Tatsuya Yoshioka (吉岡 達也, Yoshioka Tatsuya) is a Japanese civil society leader and activist. Over three decades, Yoshioka has been involved in education, peace and conflict resolution. He is the co-founder and the director of Peace Boat.

== Early career ==
Whilst a student at Waseda University, Yoshioka founded Peace Boat in 1983 to foster grassroots dialogue and people-to-people reconciliation between Japan and other Asian countries, during a period of tension and hostilities in the region.

From this vision of promoting people's diplomacy, Peace Boat has grown into an NGO and social business that has organised more than 100 voyages for peace, and taken more than 70,000 people to over 270 ports on 7 continents for study, volunteering, cultural exchange and tourism. Yoshioka has led the organization of these voyages, as well as initiatives such as peace education for youth from conflict zones and post-conflict countries, and Northeast Asian people's dialogues.

== GPPAC and Nobel Prize Nomination ==
Yoshioka is a founding member of the UN-initiated Global Partnership for the Prevention of Armed Conflict (GPPAC) International Steering Group and head of its Northeast Asia Secretariat. He was nominated for the Nobel Peace Prize in 2008 for leading the Global Article 9 Campaign to Abolish War.

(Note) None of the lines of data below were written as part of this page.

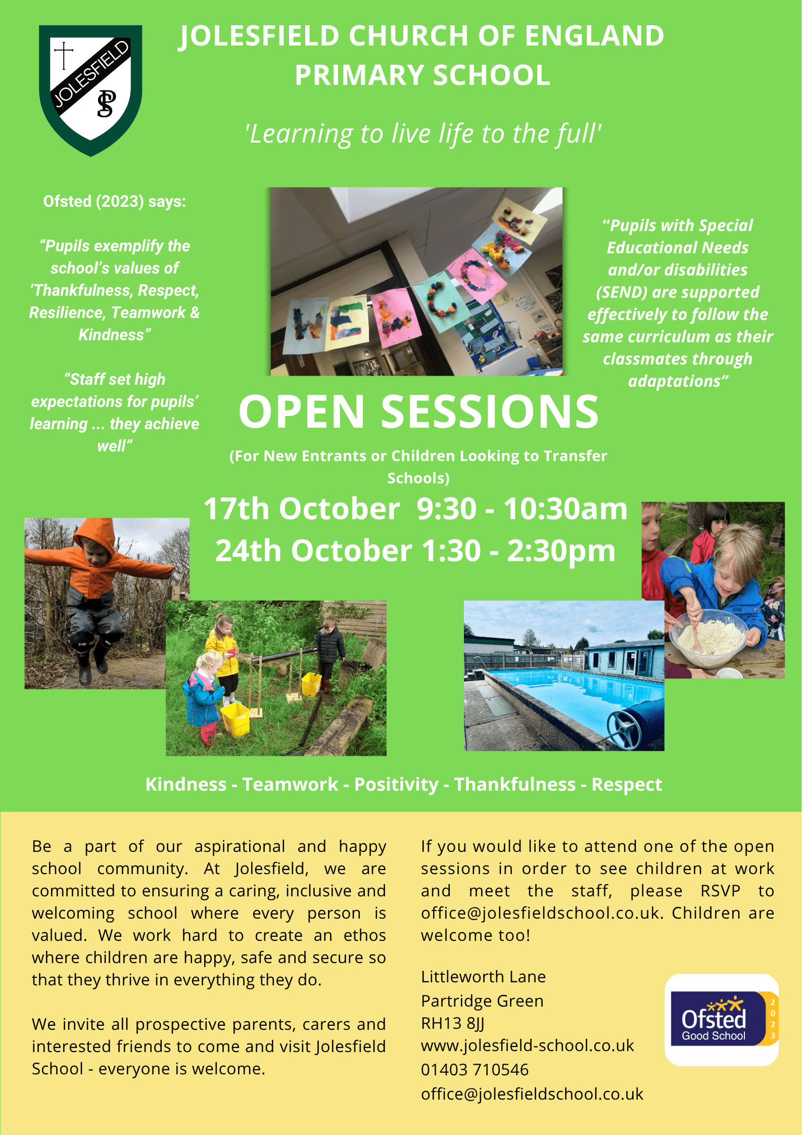 We've been part of the Jolesfield school community for the past 6 years and it's been a truly wonderful experience. The school's focus on caring, inclusiveness and respect has really helped our children thrive. The facilities are excellent, especially the outdoor space which the kids love.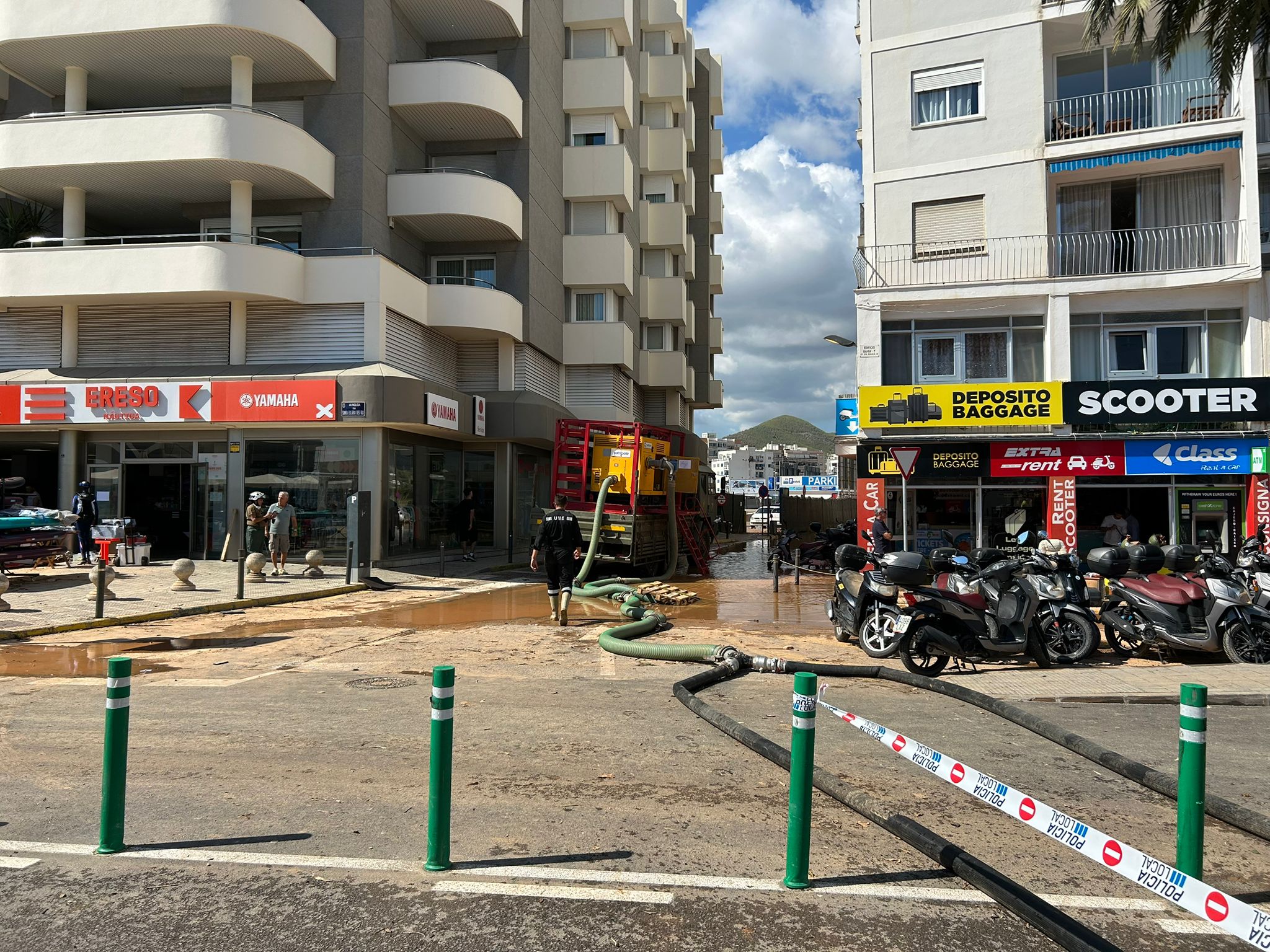 Las labores se concentran en la avenida 8 de Agosto, frente a la estación marítima de Formentera, donde el tanque de tormenta quedó saturado y esta mañana se procedía a su vaciado.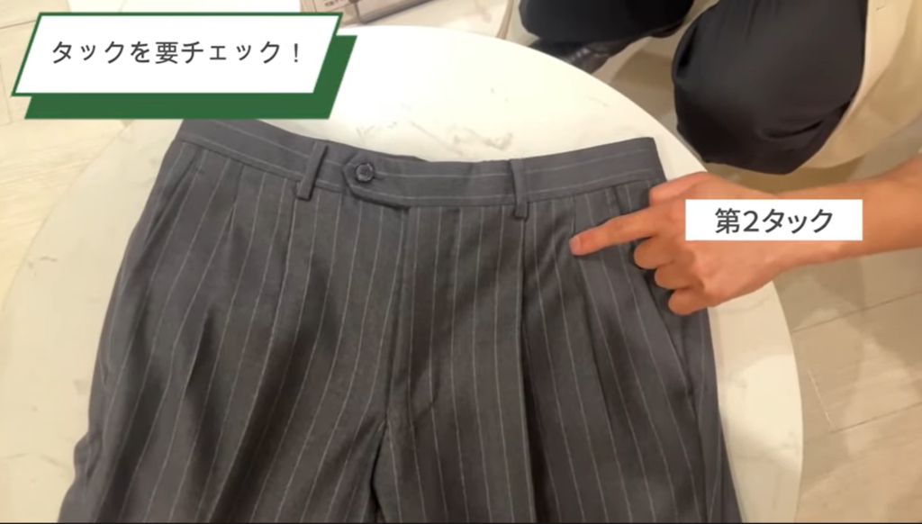 特に昔のスラックスには、タック(折り込み)が入っているものが多く、このタックをほどくことでさらにサイズを出すことが可能です。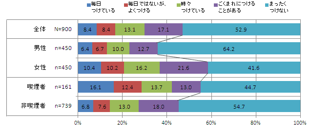 つける頻度の内訳としては、「毎日つけている」と「毎日ではないが、よくつける」が同率で8.4%、「時々つけている」13.1%、「ごくまれにつけることがある」が17.1%となった。「まったくつけない」と答えた人は52.9%。
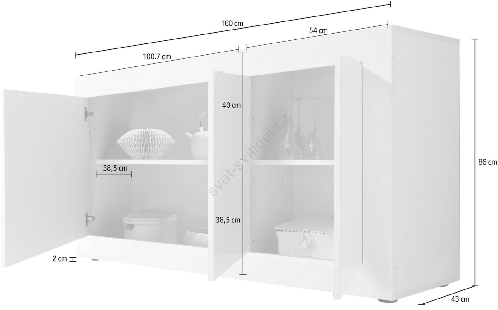 • Díky skříňkám nabízí velkorysý úložný prostor pro organizaci předmětů denní potřeby.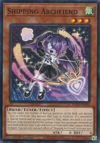 Description: You can target any number of face-up monsters on the field, and declare 1 Type or Attribute; they become that Type or Attribute. If a monster(s) is Special Summoned to your opponent's field, while this card is in your Monster Zone (except during the Damage Step): You can target 1 monster on each field with the same Type and Attribute from each other; return them to the hand. You can only use each effect of "Shipping Archfiend" once per turn.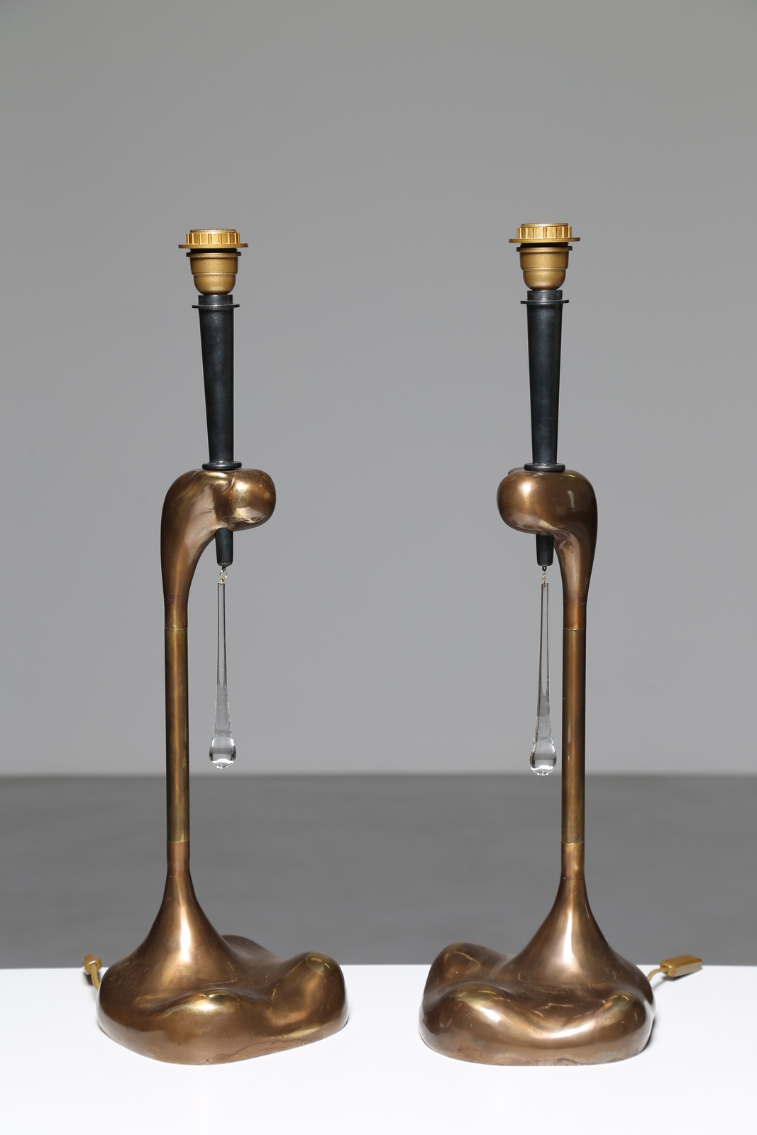 BANCI ALESSANDRO Coppia lampade da tavolo in metallo, vetro e fusione in ottone, Firenze 1970 . Metallo, vetro e ottone. Cm 22,50 x 69,00 x 21,00.

After the 2011 Tōhoku earthquake and tsunami, Yoshioka established the Peace Boat Disaster Relief Volunteer Centre (PBV), which has dispatched more than 14,000 volunteers to the stricken region and helped to rebuild devastated neighborhoods, as well as working on Disaster Risk Reduction through training young leaders worldwide.

== Publications ==
Tatsuya has written one book on the former Yugoslavia and a second book on the Northern Territories (Kuril Islands) dispute between Russia and Japan.

== The Ecoship Project ==
Yoshioka is currently spearheading the development of Peace Boat's Ecoship Project.